The piece on Marion Wright is one example. The problem stems in part from the inclusion of both Beard and Wright in one chapter; there is less space to assess the women's lives. A significant part of the piece is also devoted to Merle Curti's influence on the two women's ideas. Wright's life offers a profound glimpse into the life of a professional black woman in the first half of the twentieth century, a period of "racial uplift" effort. She was married with two children when she applied to Howard University to pursue her undergraduate education, but had to hide her personal life because of prohibitions on married women attending the school. She later divorced, but again had to conceal that fact and her two children when she returned to the school as a faculty member in 1940: "She continued to keep her family a secret to most members of the Howard community until her death" (108). Wright committed suicide in 1962. Crocco writes that friends "concluded that she had finally succumbed to the depression that had plagued her since her young adult years"(113). Readers are left wanting more information and analysis about Wright's challenges and life, in the context of African-American women's history.

The collection's introduction and conclusion provide an able framework for the twelve chapters. Like any good anthology, Bending the Future to Their Will raises further questions and areas of research. Students of education theory and women in education will find this collection useful, and it would be excellent reading for undergraduates aspiring to be social studies teachers. (Makler offers an alternate approach to social studies education in her conclusion.) Their vision of what we now call multicultural education and the teaching of citizenship resonates with contemporary debates. The inclusion of primary writings in each chapter also enhances its appeal in the classroom. The collection is a reminder of the importance of incorporating the history of citizenship and democracy (profoundly gendered, as well as racialized, etc) in college history courses.

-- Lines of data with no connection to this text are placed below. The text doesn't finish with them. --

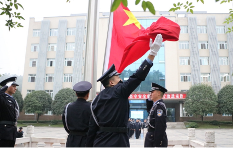 2019年11月4日上午,宜宾监狱指挥中心广场一片肃然,民警整装列队迎着初冬的丝丝寒意,齐聚在指挥中心广场举行升国旗仪式,伴随着庄严的国歌声,大家心潮澎湃,带着学习贯彻党的十九大四中全会精神的热情,在飘扬的国旗下,以坚守之名,开启十一月的奋斗冲刺时光。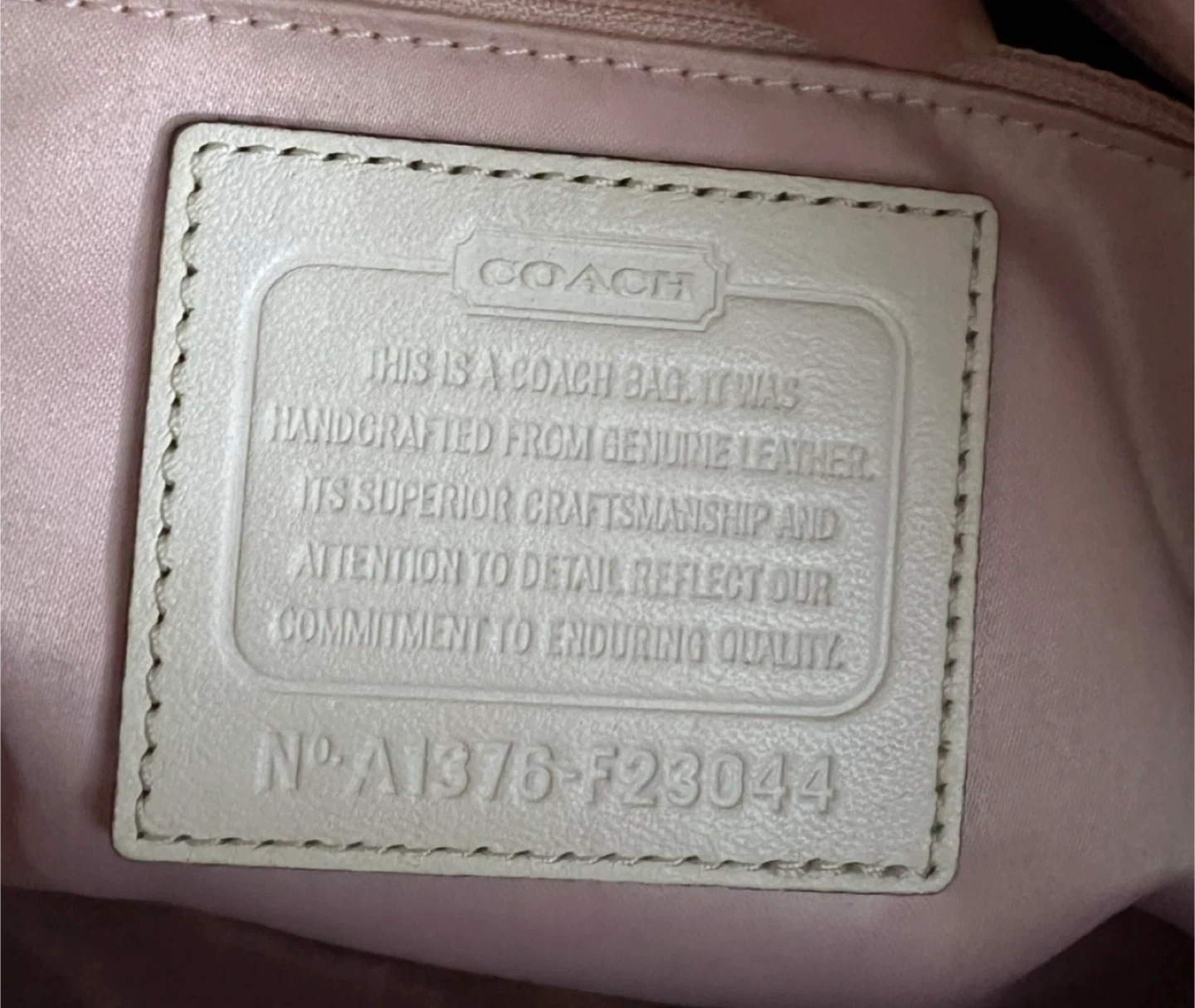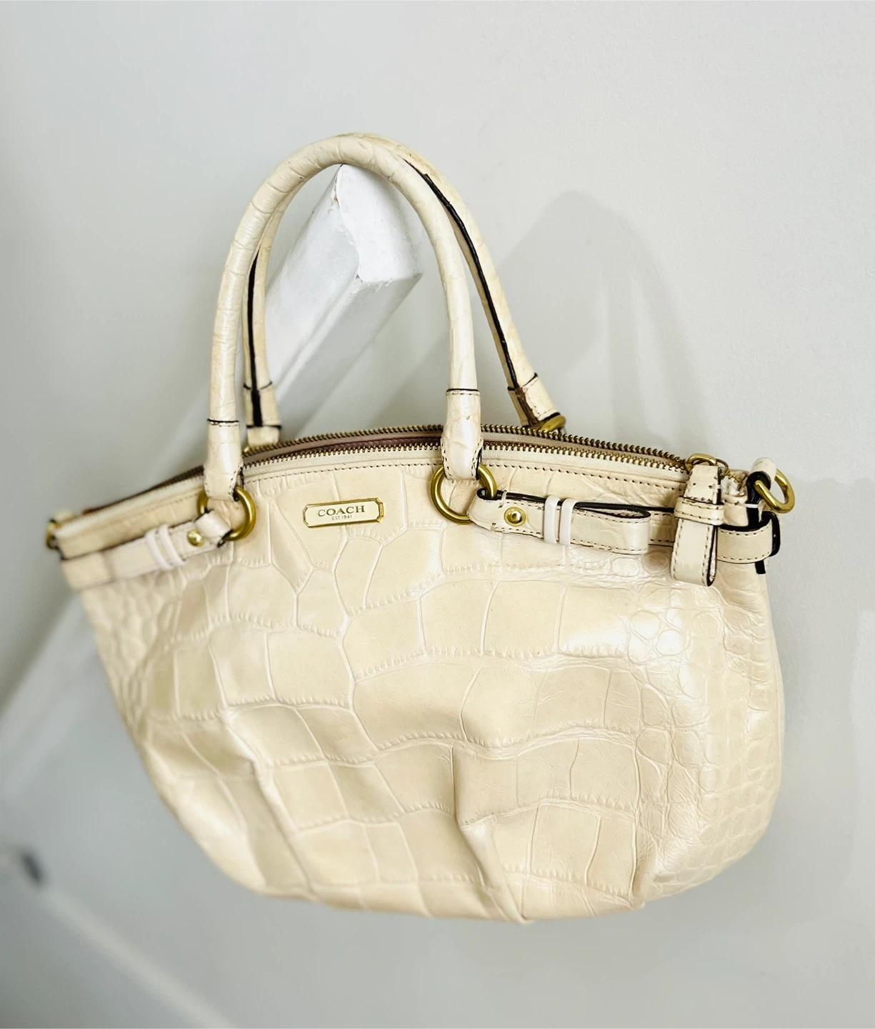 Rare find Pre-owned Coach handbag. Cream coloured leather with crocodile embossing. Top zip closure. Double handles with some scratch on it. Interior is clean and no mark. Model number F23044.
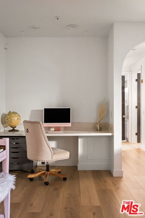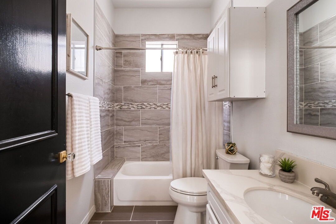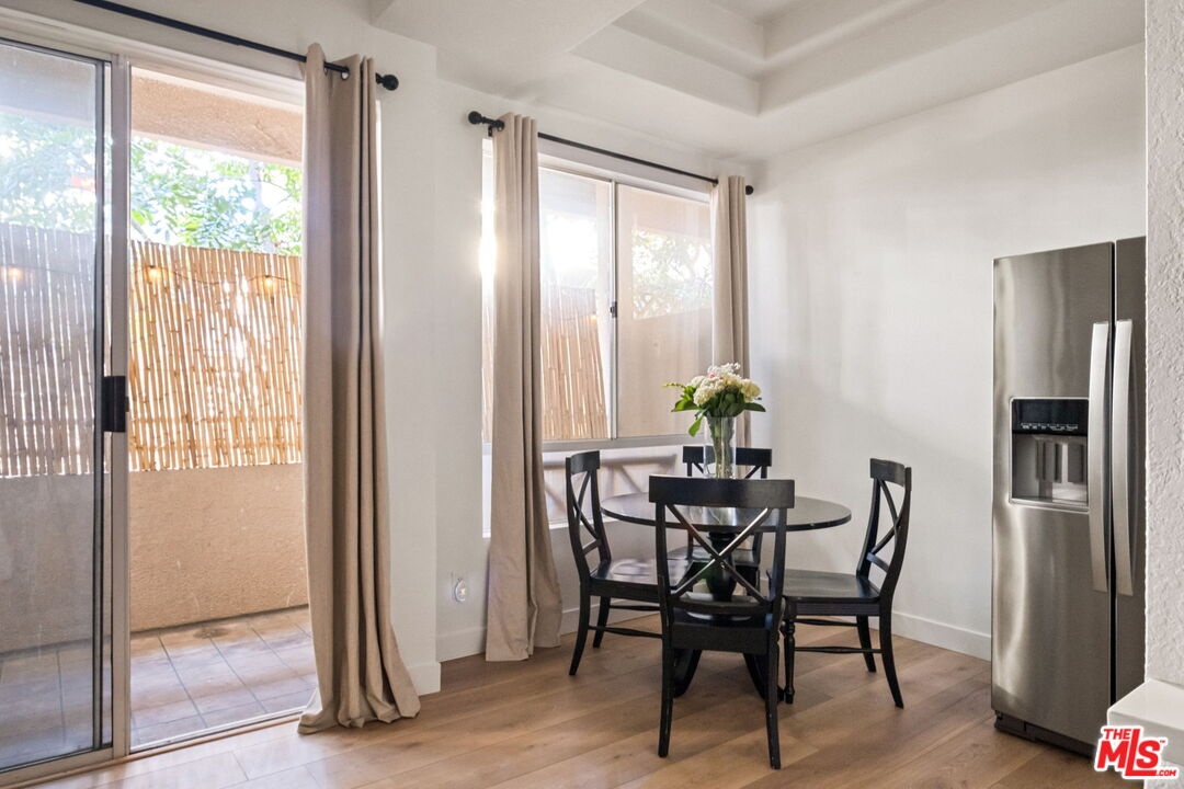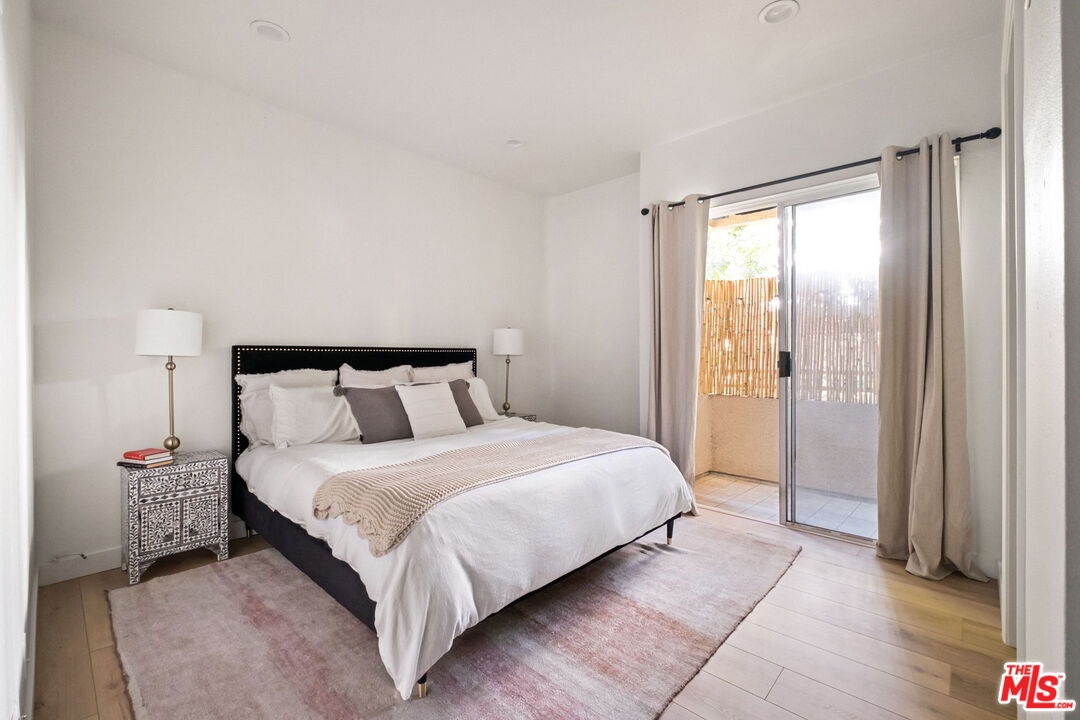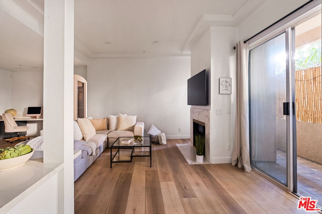 Welcome to this beautifully updated corner rear 2-bedroom, 2-bathroom condo just moments from Hancock Park and Larchmont Village, offering 1,180 SF of bright, open living. The thoughtfully designed layout connects the living, dining, and kitchen areas, creating a space that feels open and inviting. Large windows and sliding glass doors bring in natural light and open to a private patio, enhancing the indoor-outdoor flow. Elevated above street level, the unit offers added privacy while still maintaining convenient access. The kitchen is clean and modern, featuring quartz countertops, a herringbone backsplash, stainless steel appliances, and bar seating ideal for casual dining and entertaining, plus a built-in desk for a convenient work-from-home setup. Both bedrooms are generously sized with walk-in closets, and the primary suite offers direct patio access and an en-suite bathroom with dual vanities, a soaking tub, and a separate shower. Additional features include a dedicated laundry room with storage, new flooring throughout, recessed lighting, a decorative fireplace, and a new HVAC system. The secure building offers gated parking with two tandem spaces and guest parking. A well-designed, move-in-ready home in a central, highly desirable location.

Education majors comprise a large portion of the students in history courses at my institution, and historians can aid them in the effort to be more inclusive in their high school teaching by offering a comprehensive analysis of those issues in their history courses.


[1]. See Stephanie J. Shaw, What a Woman Ought to Be and to Do: Black Professional Women Workers During the Jim Crow Era (Chicago and London: University of Chicago Press, 1996); Darlene Clark Hine, Black Women in White: Racial Conflict and Cooperation in the Nursing Profession, 1890-1950(Bloomington and Indianapolis: Indiana University Press, 1989).

[2]. Many historians of women have identified the gendered nature of the professions, both in training, values, and practice. Robin Muncy, Creating a Female Dominion in American Reform (New York and Oxford: Oxford University Press, 1991) xiii-xiv, 8-10, 68-70; Joan Jacobs Brumberg and Nancy Tomes, "Women in the Professions: A Research Agenda for American Historians," Reviews in American History 10 (June 1982) 283; Linda Gordon, Pitied But Not Entitled: Single Mothers and the History of Welfare (New York: The Free Press, 1994) 72; Elizabeth Lunbeck, The Psychiatric Persuasion: Knowledge, Gender and Power in Modern America (Princeton: Princeton University Press, 1994) 37-38. Margaret Rossiter analyzes the experiences of women entering both male- and female-dominated professions, as well as the strategies they employed. See Margaret W. Rossiter, Women Scientists in America: Struggles and Strategies to 1940 (Baltimore: Johns Hopkins University Press, 1982) 55-65.